Первого мая 1953 года страна встречала уже без вождя страны – Иосифа Сталина, а потому и без всякого оптимизма. Это был первый праздник без вождя. Вставшие у власти члены Политбюро не находили в народе достаточного доверия. Шли пересуды – кто встанет у руля власти, но ни одна кандидатура не могла сравниться с вождем, а потому все Политбюро народу было абсолютно безразлично. Людей объединял один краткий глобальный вопрос: «Как мы будем существовать без Сталина?» Поскольку ответа мы не находили, то продолжали жить, как жили раньше.


Разумеется, всю политическую ситуацию я рассматриваю с сугубо личной позиции тринадцатилетнего подростка. Поскольку наша семья не входила в элиту управления власти, то, соответственно, ни мы, ни ближайшее наше окружение, такое как соседи, учителя, сотрудники, наши родственники, – никто не подвергся известным репрессиям со стороны правоохранительных органов. Соответственно, нам не было известно ни о репрессиях, ни о «гулагах».
На этот праздник я, по разнарядке классного руководителя, попал в список участников демонстрации от нашей 171-й школы. На основе ежегодной замены список обновлялся каждый праздник. Вот впервые подошла и моя очередь отдать свой ученический долг. Нельзя сказать, что я был особенно огорчен этой ситуацией. Хотелось поучаствовать и даже, возможно, попасть в документальный киножурнал «Новости дня», да и вообще, вживую увидеть наших республиканских руководителей.

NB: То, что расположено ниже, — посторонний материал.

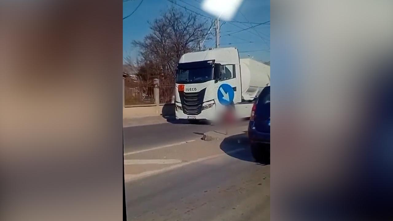 Un bărbat de 39 de ani a murit, după ce a fost lovit şi târât 20 de metri de un TIR, în Galaţi. Ultimele secunde din viaţa sa au fost surprinse de un şofer
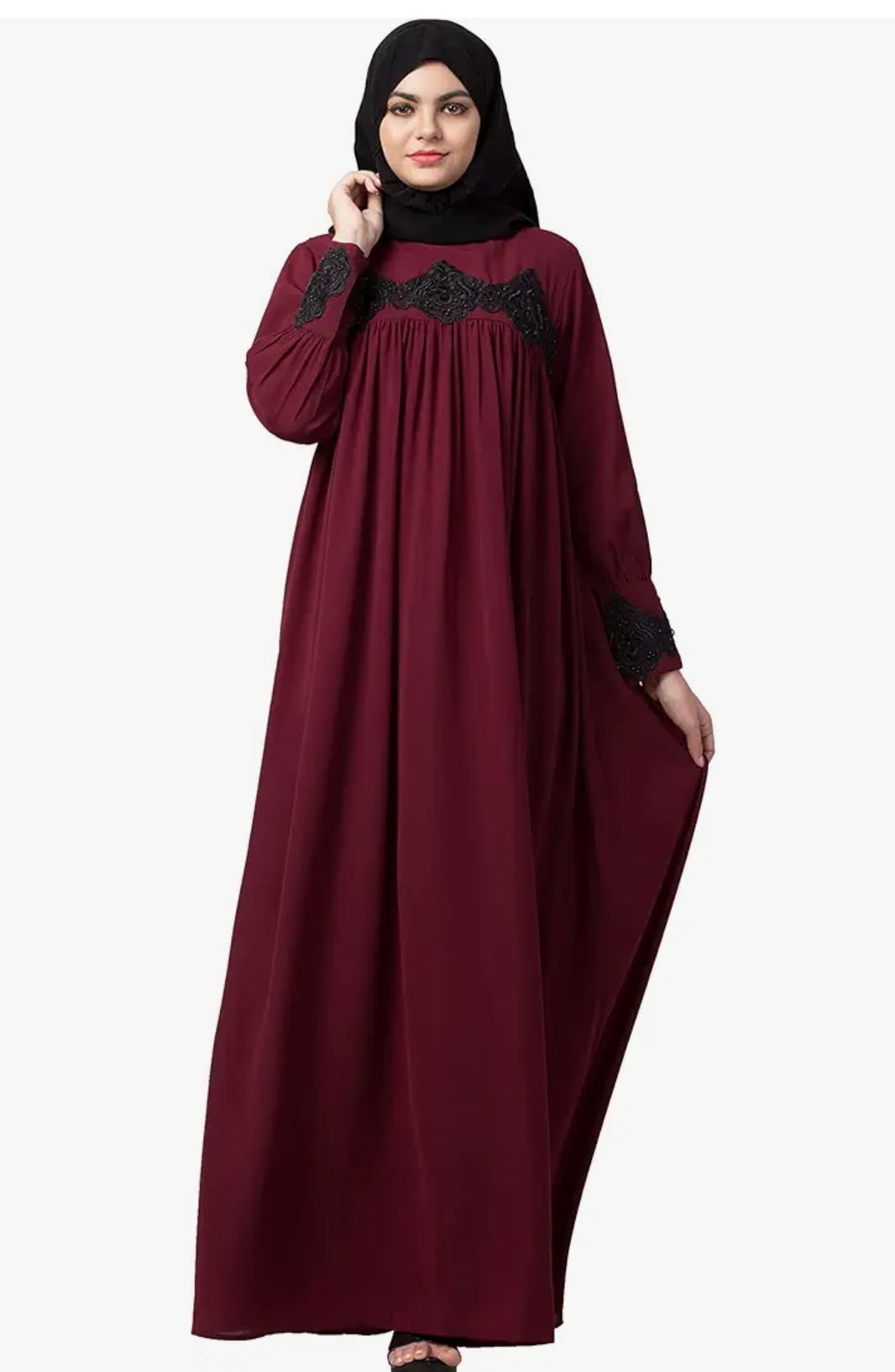 Mushkiya Beautiful Designer Abaya Like Dress with Pearl Lace Work for Women That Falls Loose from Chest
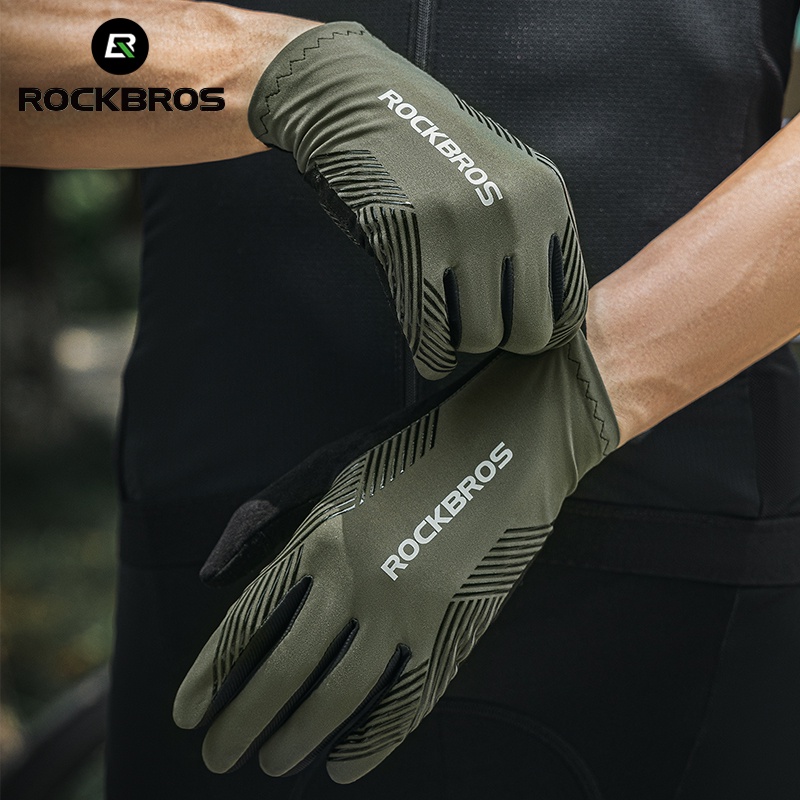 Luvas De Bicicleta Rockbros Cycling Touch Screen Full Finger MTB De Estrada À Prova De Choque Antiderrapantes Elásticas De Outono Respiráveis
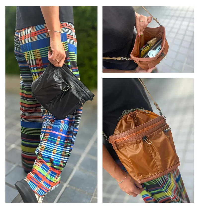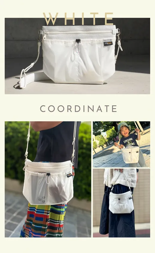 ・機能性/サコッシュといえばシンプルで必要最低限のモノがしまえる小型のバッグをイメージします。ミニマリストが流行する昨今では見かけることが多いアイテムです。「出かけるときは財布とスマホが入ればいい」私もその中の一人です。しかし、そのスタイルでは飲み物を購入しただけで手に持ってブラブラ、小物を購入しては、もれなくレジ袋を用意する事になります。「その問題をどうにかしたい!」この思いからたどり着いたのが拡張するスタイルでした。底マチを拡張する事でペットボトルが入るサイズに変化!さらに縦方向に拡張する事で小物も入るサイズに変化!!
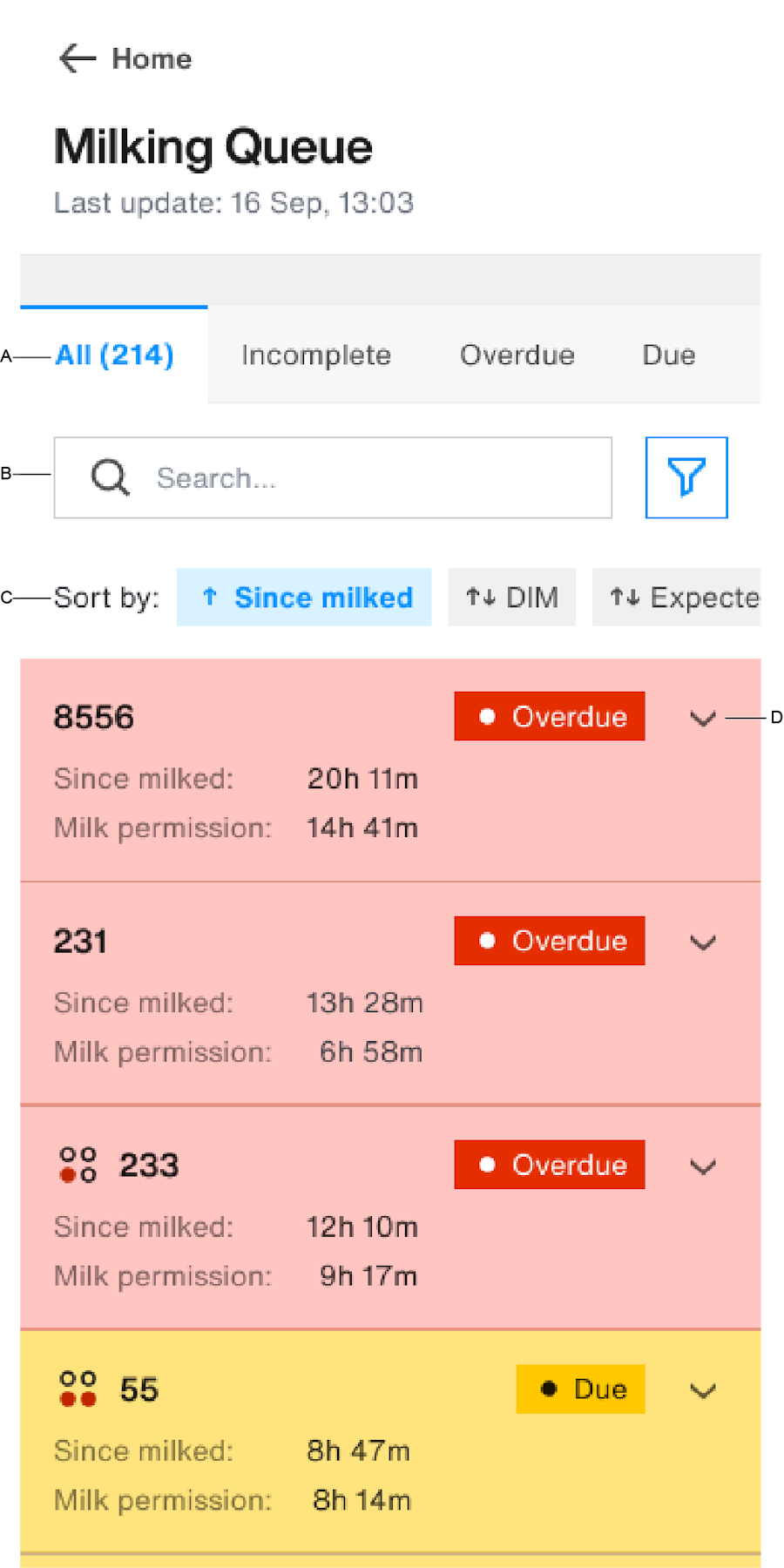 Hyvin hallittu lypsyjono auttaa seuraamaan jokaisen lehmän tilaa ja edistymistä tarjoamalla reaaliaikaista tietoa viimeisimmistä lypsyajoista, maitotuotoksista ja tulevista lypsyaikatauluista. Järjestelmä mahdollistaa viivästyneen lypsyn riskiryhmään kuuluvien lehmien tunnistamisen varhaisessa vaiheessa, mikä varmistaa oikea-aikaiset toimenpiteet karjan terveyden ja tuottavuuden ylläpitämiseksi.
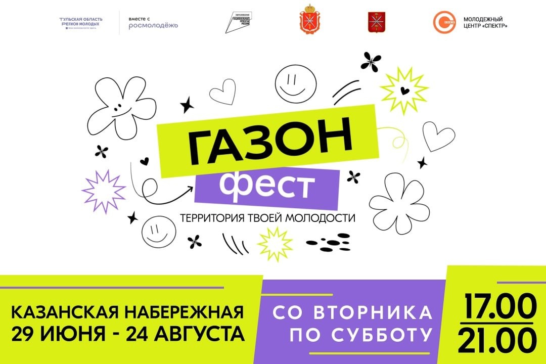 В субботу, 29 июня, проект «ГАЗОН.ФЕСТ» откроется в новом формате как большой фестиваль. Каждую неделю туляков будет ждать новая тематика, а пятницы станут самыми зажигательными днями фестиваля. «ГАЗОН» будет работать со вторник по субботу с 17:00 до 21:00. В этом сезоне на Казанской набережной будут работать несколько зон: Проект реализуется при поддержке Росмолодежи.
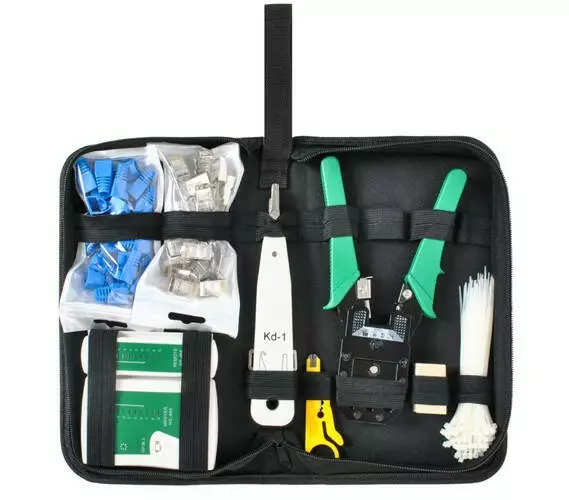 Мережевий комплект, упакований у практичний кейс, дозволяє зберігати всі необхідні інструменти в одному місці, що дозволяє підтримувати порядок, завдяки чому жодна необхідна деталь не загубиться, а будь-яка несправність буде усунена без проблем. Продукт переважно рекомендується монтажникам локальних, міських та глобальних мереж, студентам інформаційних технологій, а також для домашнього використання.
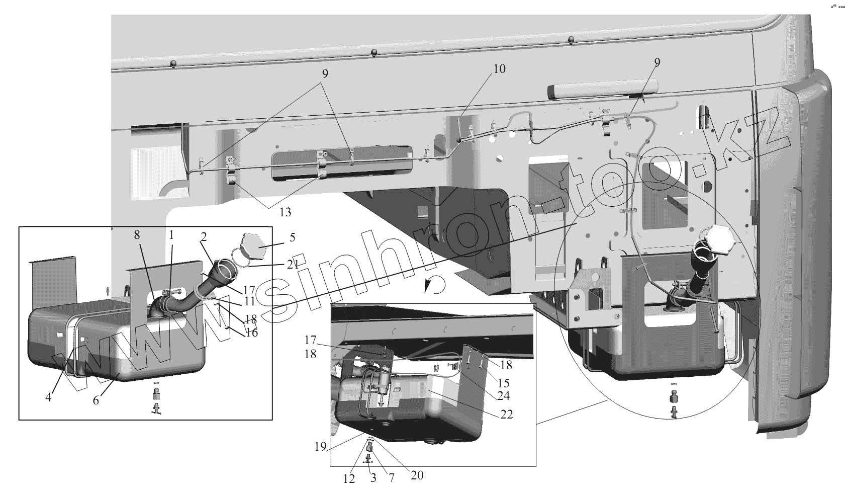 Каталог запасных частей к технике: МАЗ-6430A8 (5440A8, 5440A5). Установка омывателя 6430-5200008
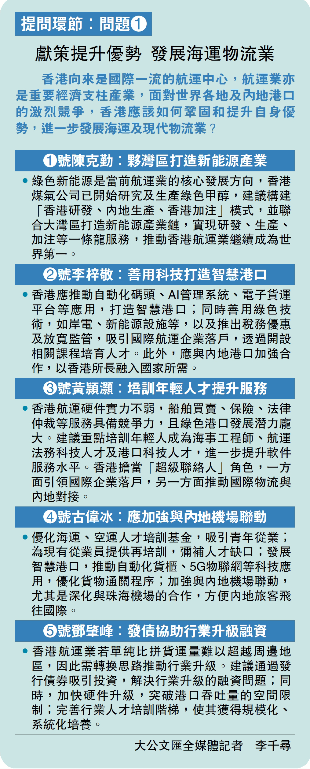 •香港應推動自動化碼頭、AI管理系統、電子貨運平台等應用,打造智慧港口;同時善用綠色技術,如岸電、新能源設施等,以及推出稅務優惠及放寬監管,吸引國際航運企業落戶,透過開設相關課程培育人才。此外,應與內地港口加強合作,以香港所長融入國家所需。
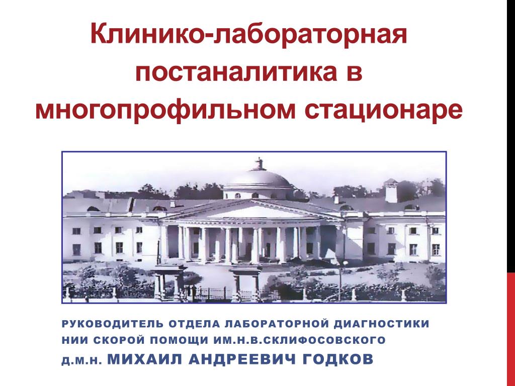 Клинико-лабораторная постаналитика в многопрофильном стационаре. Руководитель Отдела лабораторной диагностики Нии скоРОЙ ПОМОЩИ ИМ.н.в.сКЛИФОСОВСКОГО д.м.н. Михаил Андреевич Годков. Характеристика НИИ СП.
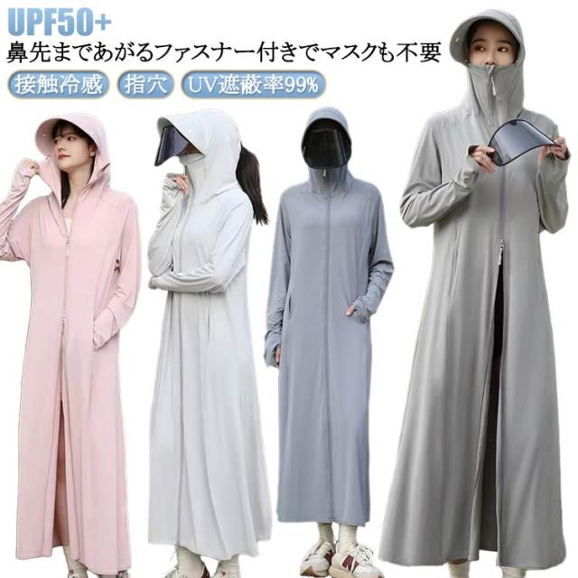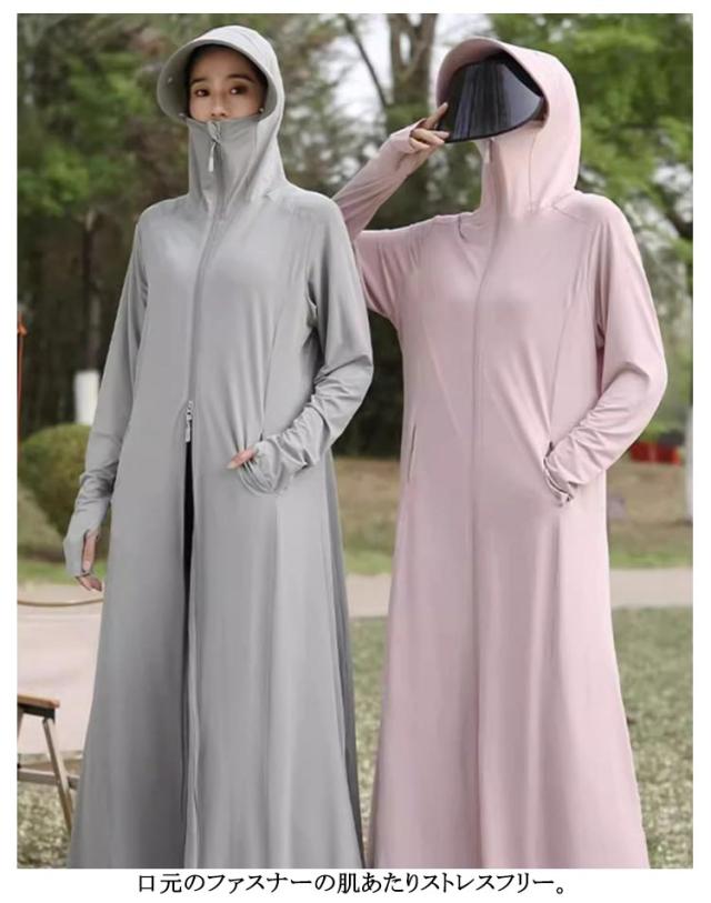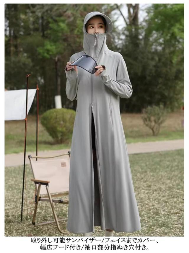 UVカット長袖 uvパーカー uvパーカー ラッシュガード レディース UV ロング丈 -5℃ レディース UVカット サンバイザー外し可能 ロング 長袖 つば ラッシュガード 指穴 接触冷感 取り外し あご紐 サンバイザー 6in1 大きいサイズ
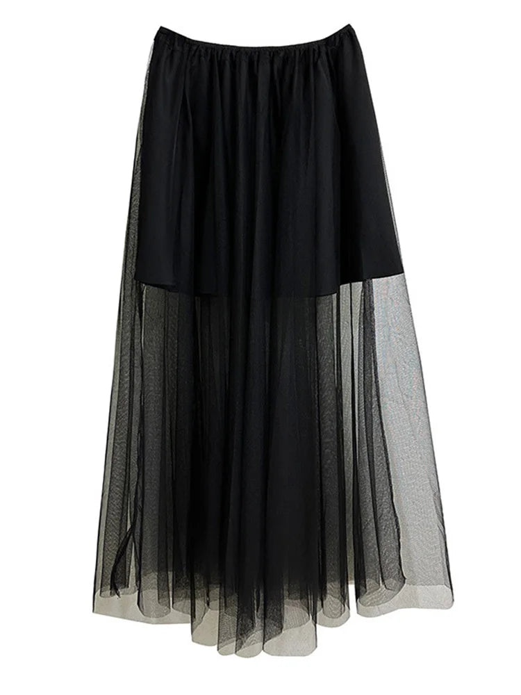 With its elastic waistband. it provides a perfect fit while the mesh fabric allows for breathability. The midi length and A-line shape give it a versatile and flattering look.

Когда я пришел в школу, то девочка (очевидно, старше меня на год-два), стоящая у входа, хорошо отрепетированным командным голосом объясняла группе учащихся условия участия в демонстрации. Краткий курс заключался в следующем: для начала необходимо обзавестись портретом одного из членов Политбюро, хранить его до конца мероприятия, нести его выше своей головы, не опускать и, ни в коем случае, не бросать на землю, а в конце возвратить «члена Политбюро» на то место, где взял. Дальше, к моему сожалению, «курс молодого участника демонстрации» заканчивался. Теперь, по указанному лектором направлению, нужно было брать портрет и строиться на улице. Сожаление окончанием напутствия было настоящим, поскольку я просто-напросто залюбовался девчонкой. Мало того, что она была чрезвычайно энергична и активна, она еще была... ну просто обворожительна. Я готов был продлить слушания, а потому и одновременно смотреть ей в глаза, на губы, на волосы, на руки, на...
Но только сейчас, переведя взгляд на ее грудь, я заметил на ней значок члена ВЛКСМ. «Так вот где таилась погибель моя!.. – промелькнула мысль. – Значит, она из комсомольского актива! Вот почему она такая бойкая и громкая!» Мне стало как-то неловко, а вернее, некомфортно, ибо я еще не встал в ряды этой гордой и политизированной организации.
Одним словом, очевидно, я влюбился с первого взгляда. (А что еще могло быть в моем юном влюбчивом возрасте?) Только со второго раза поняв, что пора идти за плакатом, я с каким-то необычайным подъемом устремился в кладовку.
Транспаранты с портретами членов Политбюро валялись в праздничном хаосе, очевидно, с прошлого праздника – 7 ноября. Выбор был неограничен, а потому и привел меня к некоторым раздумьям, кого бы взять с собой, чтобы другие члены Политбюро не обиделись. Некоторые «члены» были вообще антипатичны мне, уже хотя бы по неприятным физиономиям.
«Ну как, например, можно добровольно взять фотографию нынешнего коммунистического лидера с яркой внешностью председателя колхоза и щеголять с ней по всему городу? Засмеют же!» – подумал я, отстраняя плакаты с лидером, которых было больше всех. Чуть меньше было фотографий с человеком с усами «под фюрера». Они (усы) явно его не красили, и даже наоборот, придавали их владельцу недовольный вид. Разумеется, я и его тихонько оттолкнул в сторонку.
А вот и лидер Азербайджана: тоже с усами, но с аккуратными усиками и интеллигентным пенсне а ля Чехов. Этот портрет будет престижно нести – я было и протянул руку, но тут же вспомнил недавнее (апрельское) перемещение его с должности Первого секретаря Азербайджана на должность Предсовмина. Что-то подсказывало мне, «старому» пионеру, что понижение статуса такого уровня (у нас в стране) делается неспроста (уже 20 июня он был снят и с этой должности). И вот тут я увидел его портрет, взять который я был просто обязан.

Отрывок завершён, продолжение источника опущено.